The World Bank has raised its growth forecast for China, saying stimulus measures and approval of infrastructure projects will help boost growth. It added that the pick-up in factory output and investment suggested that China's economy was bottoming out.
The bank said it now expects China's economy to grow by 8.4% in 2013, up from its earlier projection of 8.1%. A slowdown in China's growth in recent months had prompted policymakers to announce various stimulus measures. These include two interest rate cuts since June and the approval of infrastructure projects worth more than 150bn dollars.
China's central bank, the People's Bank of China, has also lowered the amount of money that banks need to keep in reserve three times in the past few months in an attempt to boost lending.
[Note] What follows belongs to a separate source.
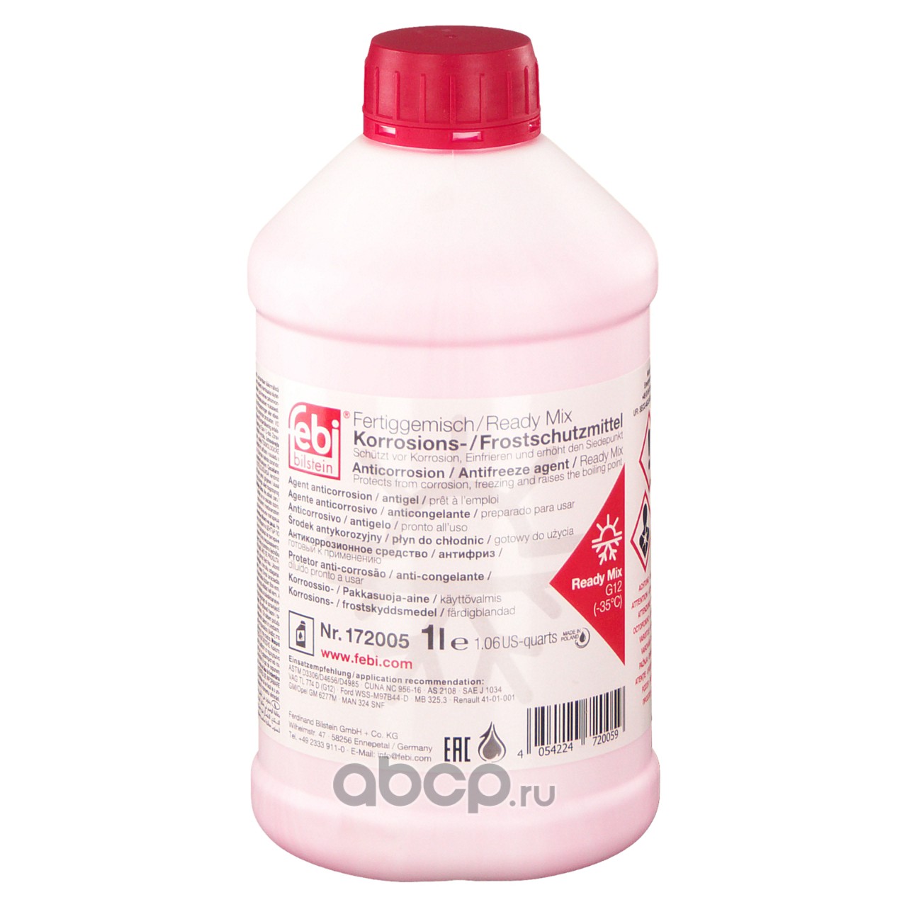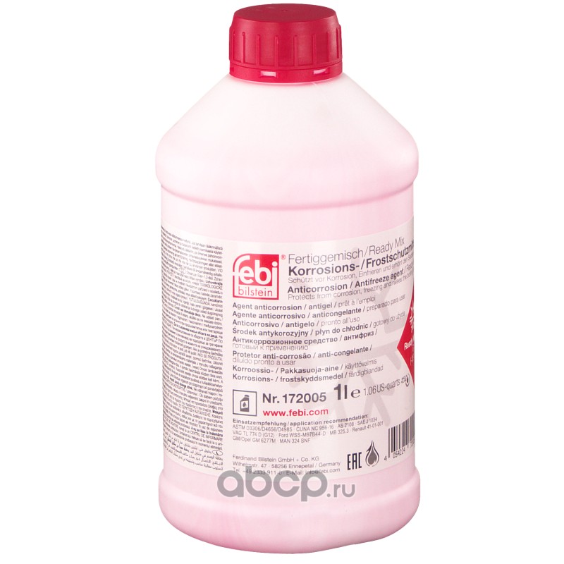 All World Cars - продажа Жидкость охлаждающая красная 1L артикул 172005 по всей России и странах СНГ. Развитая сеть представительств с быстрой доставкой товаров бренда Febi и гарантией выгодной цены. Покупая в AWC товар Febi каталожный номер 172005 вы бережете свое время, нервы и деньги.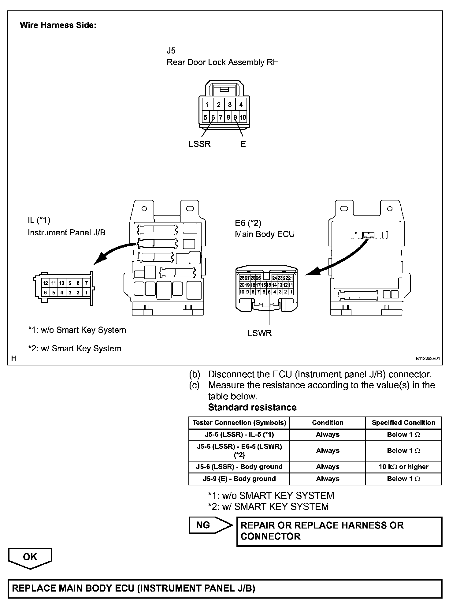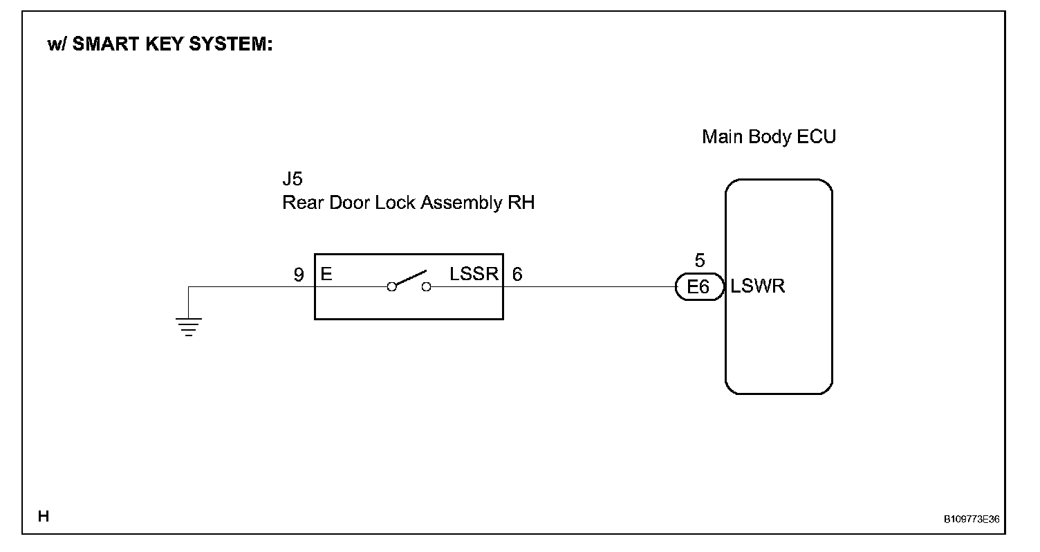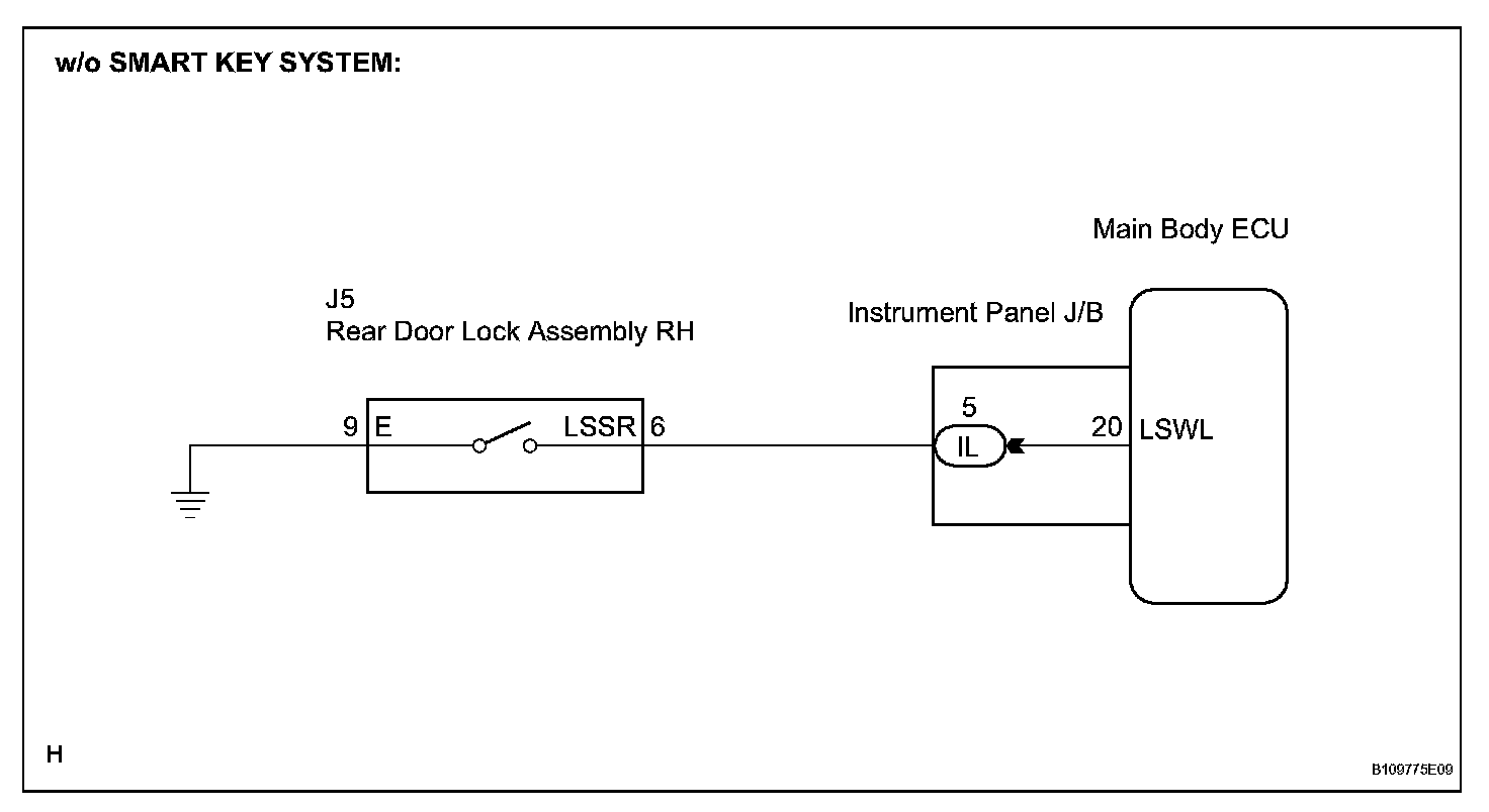 The main body ECU is connected to the rear right door lock assembly via terminal LSWR (w/ smart key system), LSWL (w/o smart key system), and rear right door lock/unlock state signals are input to the ECU. The main body ECU applies voltage to the door unlock detection switch via terminal LSWR (w/ smart key system), LSWL (w/o smart key system). When the door unlock detection switch is on (there is continuity between the switch terminals), a lock state signal is input to the ECU. When the switch is off (there is no continuity between the switch terminals), an unlock state signal is input.

The impact of easing credit conditions and public investment in infrastructure is beginning to show the bank said in its report. The impact is expected to continue to be felt into 2013, as the authorities have accelerated the approval of large projects.
The bank also raised its forecast for the developing East Asia region, excluding China. The grouping, Thailand, Philippines, Indonesia and Burma, is projected to grow 5.7% in 2013, up from the previous forecast of 5.5%.
The bank said that the region was likely to benefit from Thailand's recovery from last year's floods and strong growth in the Philippines. The Philippines economy has been one of the better performing ones in the region this year. Its growth has been helped by a strong domestic demand, government spending and increased investment in the country.
The bank raised its projection for the Philippines to 6.2% for 2013 from 5%. However the recent deadly and destructive typhoon could impact on the original estimates.
It added that the opening up of Burma and the continuing reforms in the country, which have seen various sanctions against it being lifted, was ”another bright spot in the region”.